Friday 16 March 2012

Out on Halong Bay


Shortly after leaving Halong City lunch was served on board the boat.
First stop on the Halong Bay tour.
Fairy lighting at the Thien Cung cave, Halong Bay.
This weathered old wooden tub was my cruise boat in Halong Bay.
Schoolhouse at a floating village, Halong Bay.
At the floating village, Halong Bay.
Cat Ba Town with pencil thin high rise hotels, Halong Bay
Halong Bay from the boat.
Halong Bay from the roof deck.

Halong Bay

OUT ON HALONG BAY, your find youself in the heart of one of Vietnam's most beautiful regions. Ha Long really means "descending dragon" but to my mind this place is as ethereal as it is mythic. Once again I also found myself at yet another UNESCO world heritage site.

Far, far back in time this limestone landscape had been pitted and eroded by rivers, but with successive ice ages the sea rose, filling in all the low land. The remaining islands are honeycombed with caves and grottos, In geological terms these weird and striking shapes, rising out of the bay, art part of a vast karst formation.

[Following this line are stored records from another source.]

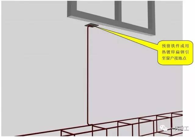 注:设计要求接地的幕墙金属框架和建筑物的金属门窗,应就近与接地干线连接可靠,连接处不同金属间应有防电化腐蚀措施。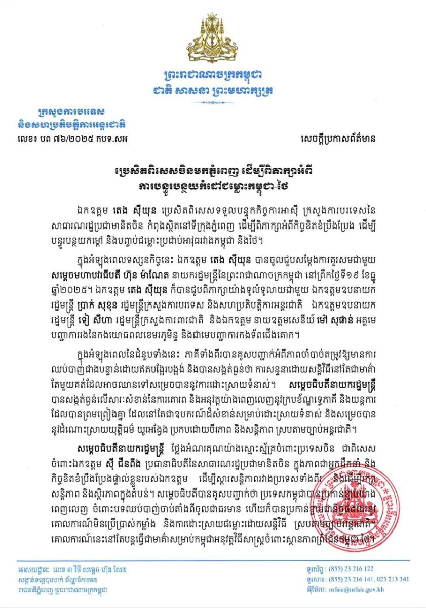 យោងតាមសេចក្ដីប្រកាសព័ត៌មានរបស់ក្រសួងការបរទេសកម្ពុជា បានឱ្យដឹងថា ឯកឧត្តម តេង ស៊ីឃុន ប្រេសិតពិសេសទទួលបន្ទុកកិច្ចការអាស៊ី ក្រសួងការបរទេសនៃ សាធារណរដ្ឋប្រជាមានិតចិន កំពុងស្ថិតនៅទីក្រុងភ្នំពេញ ដើម្បីពិភាក្សាអំពីកិច្ចខិតខំប្រឹងប្រែង ដើម្បី បន្ធូរបន្ថយកម្ដៅ និងបញ្ចប់ជម្លោះប្រដាប់អាវុធរវាងកម្ពុជា និងថៃ។ ក្នុងអំឡុងពេលទស្សនកិច្ចនេះ ឯកឧត្តម តេង ស៊ីឃុន បានចូលជួបសម្តែងការគួរសមជាមួយ សម្តេចមហាបវរធីបតី ហ៊ុន ម៉ាណែត នាយករដ្ឋមន្ត្រីនៃព្រះរាជាណាចក្រកម្ពុជា នៅព្រឹកថ្ងៃទី១៩ ខែធ្នូ ឆ្នាំ២០២៥។ ឯកឧត្តម តេង ស៊ីឃុន ក៏បានជួបពិភាក្សាយ៉ាងទូលំទូលាយជាមួយ ឯកឧត្តមឧបនាយក រដ្ឋមន្ត្រី ប្រាក់ សុខុន រដ្ឋមន្ត្រីក្រសួងការបរទេស និងសហប្រតិបត្តិការអន្តរជាតិ ឯកឧត្តមឧបនាយក រដ្ឋមន្ត្រី ទៀ សីហា រដ្ឋមន្ត្រីក្រសួងការពារជាតិ និងឯកឧត្តម នាយឧត្តមសេនីយ៍ ម៉ៅ សុផាន់ អគ្គមេ បញ្ជាការរងនៃកងយោធពលខេមរភូមិន្ទ និងជាមេបញ្ជាការកងទ័ពជើងគោក។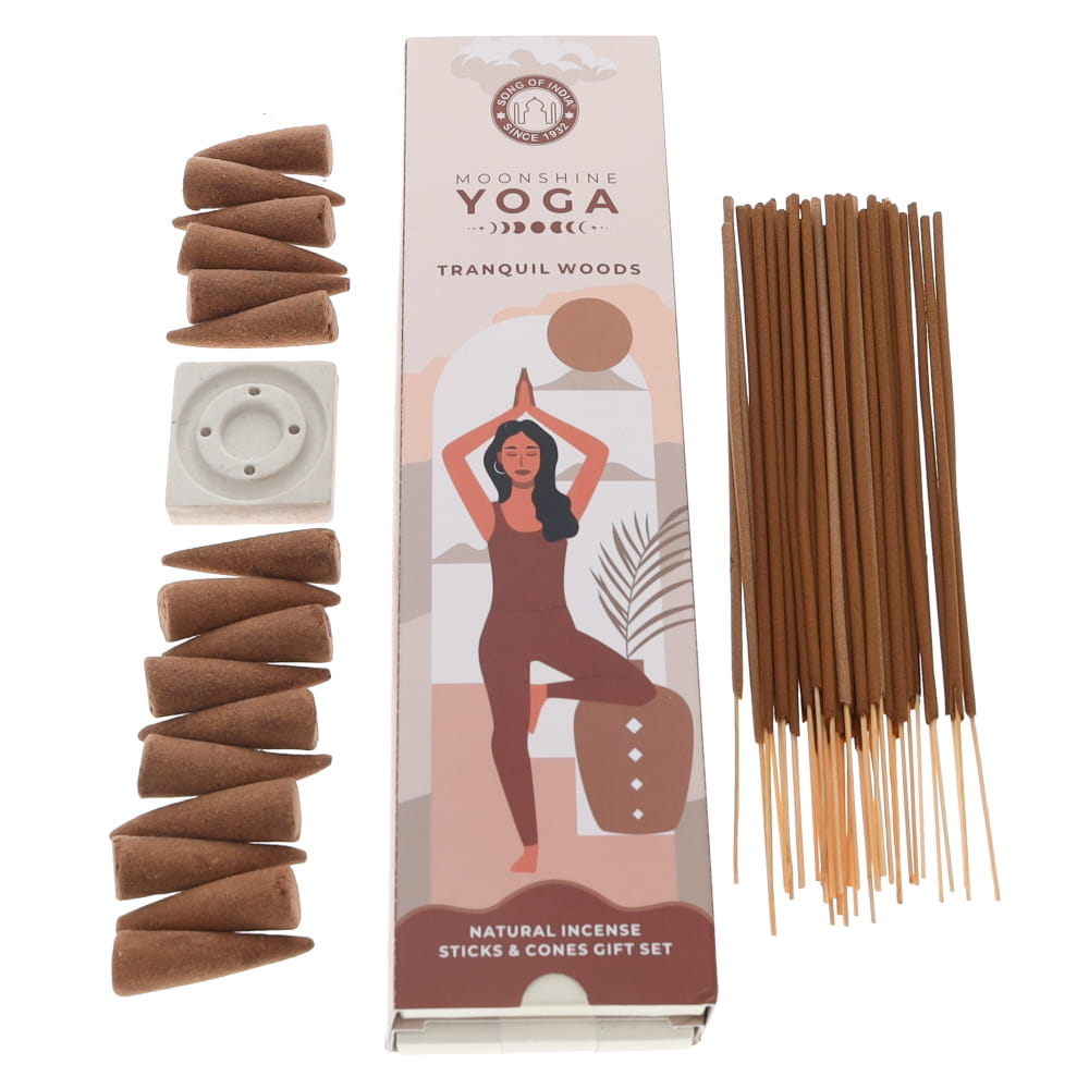Tranquil Woods Moonshine Yoga Incense Gift Set with 40 Sticks, 16 Cones and Ceramic Holder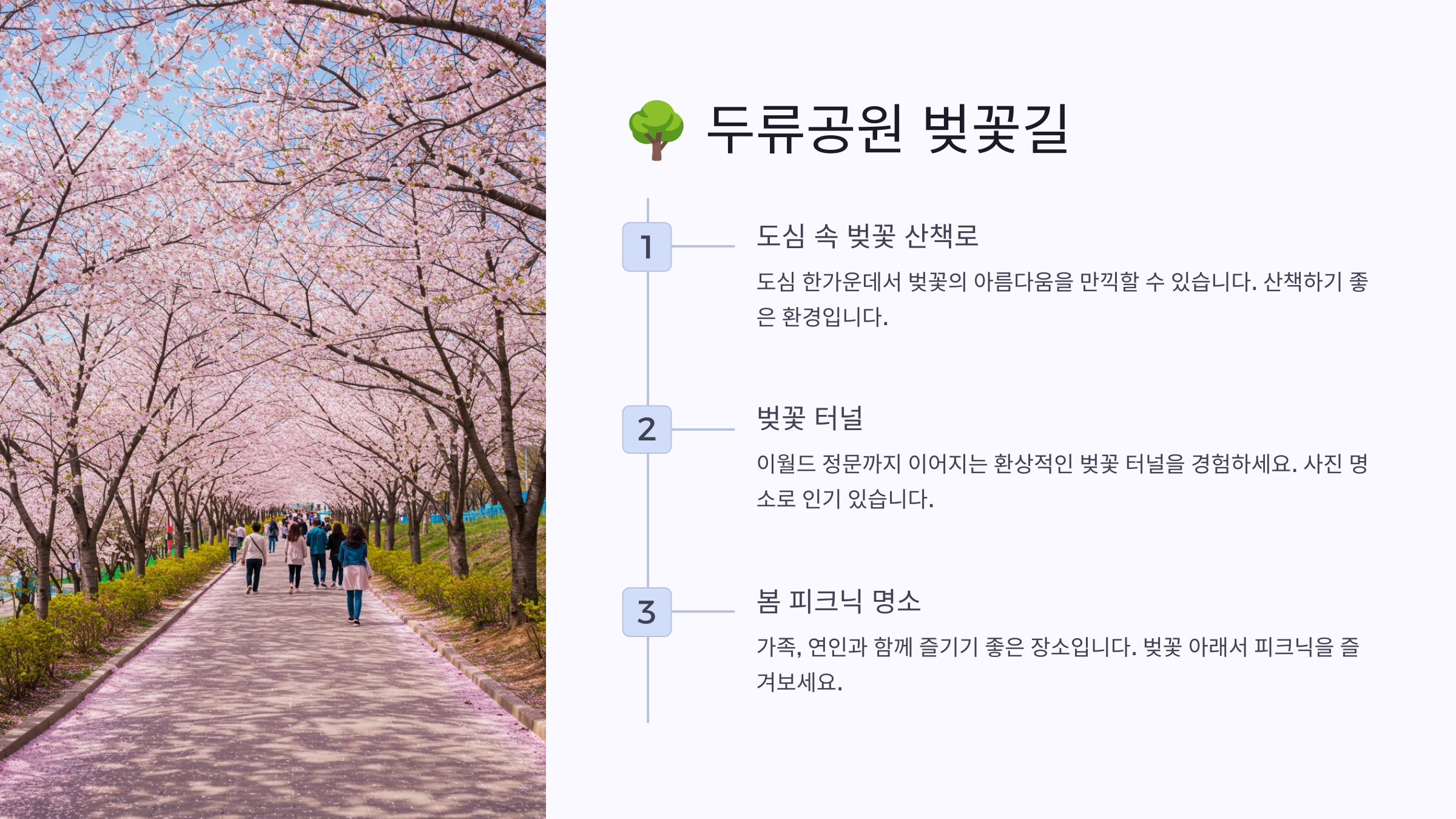 | 두류공원 | 넓은 공원에 벚꽃길이 조성됨 | 자연 속에서 여유롭게 산책 가능 |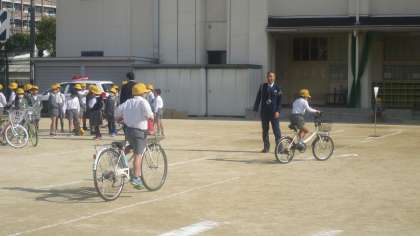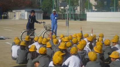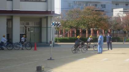 3時間目は4年生です。4年生は自転車の乗り方や点検の仕方、道路での走り方や交通ルールなどについて学習しました。交通事故の中で自転車事故の占める割合は非常に高くなっています。無理な横断やとび出し、二人乗り、スマホなど…、ちょっとした不注意や油断が思わぬ事故を招いてしまいます。また自分が加害者になってしまうこともあるかもしれません。子どもたちにはしっかりと安全に対する意識をもって自転車に乗ってほしいと思います。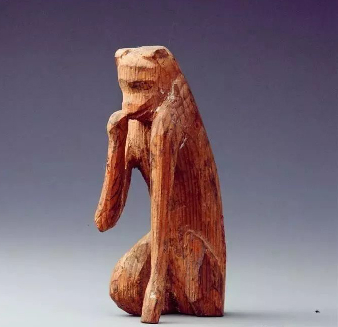 木猴,東漢,1957年甘肅武威磨嘴子出土。此猴跪坐,頭微低,左前肢垂直撐地,右前肢伸至嘴部,似在抿嘴偷笑,又似在品嘗食物。整個雕塑用黑、紅兩色彩繪,形體小巧,刀法簡練,將一只調皮的猴子微感惶惑的瞬間神態刻畫入微。該作品用一塊木頭雕成,是漢代雕刻中的佳作。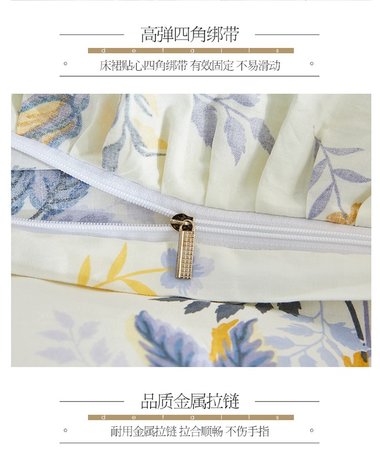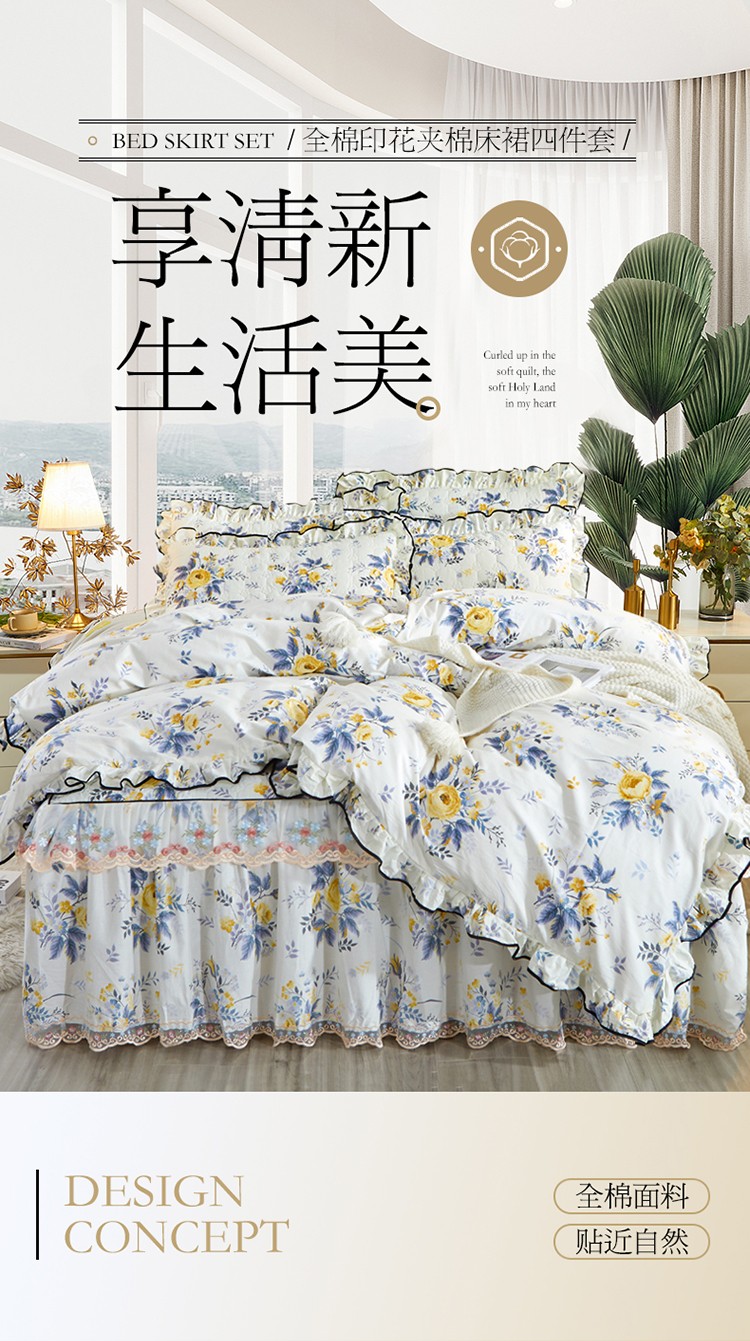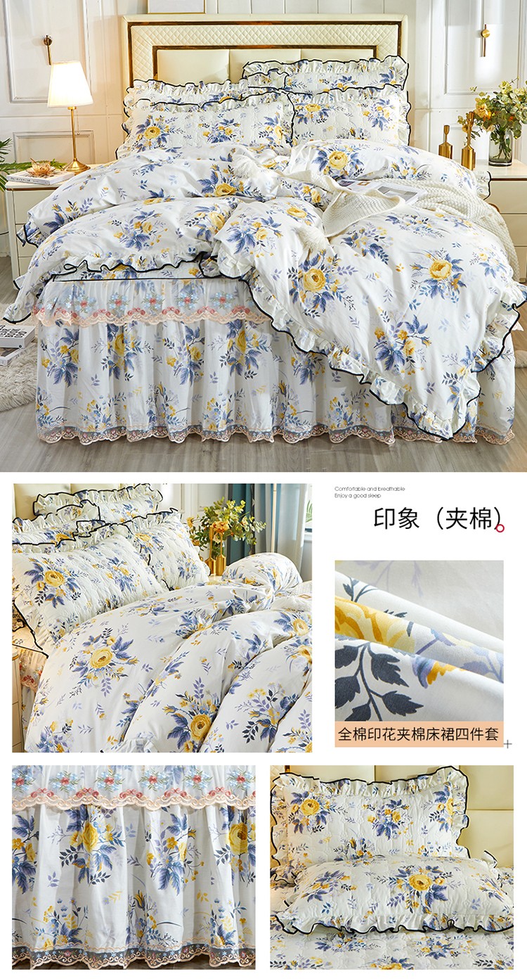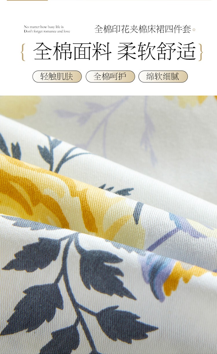 当前位置: 91家纺网 > 商品网购 > 床品套件 > 四件套 > 全棉普通四件套 > 宜凡 2021新款全棉印花夹棉床裙-床裙四件套 印象

My journey began on a Monday morning with a four hour bus ride to Ha Long City. From there a group of us tourists boarded a beaten-up looking wooden boat for a cruise out into the archipelago. As we motored across the channel, lunch was served. The first island stop was at Thien Cung cave followed by a longer stop at a floating village. Most passengers went out on kayaks to explore the shoreline but I remained on the float, revellng in just watching the slow pace of village life across the date.

After a long day, the time came to retreat to the relatively roomy stateroom for a good night's sleep. With morning it was yet another cloudy day. This didn't take away from the magnificant setting - phantom islands shrouded in cloud that seemed to stretch out to the horizon. As we were moored off Cat Ba Island, the largest in the archipelago, we just went ashore and continued to Cat Ba City, by bus. The urban hub turned out to be a bleak facsimile of a seaside town with a formidable wall of high rise hotels. The harbour was photogenic enough with a large fleet of fishing boats, but behind the front road was a wall of anorexic architecture with cheesy facades that rose high above the tacky shops and forgetable restaurants. The afternoon was grey and cold and the surly locals clearly fatigued by tourists. Internet access was also challenging. It was time to default to escapism. A little shop across the street provided me with a cheap but impressive bottle of Beaujolais. With a decent appelation on the label the contents were put to good use by mid-evening. In the morning we made our way back to the boat by bus and then on to Halong City in the wooden tub before retuning to Hanoi.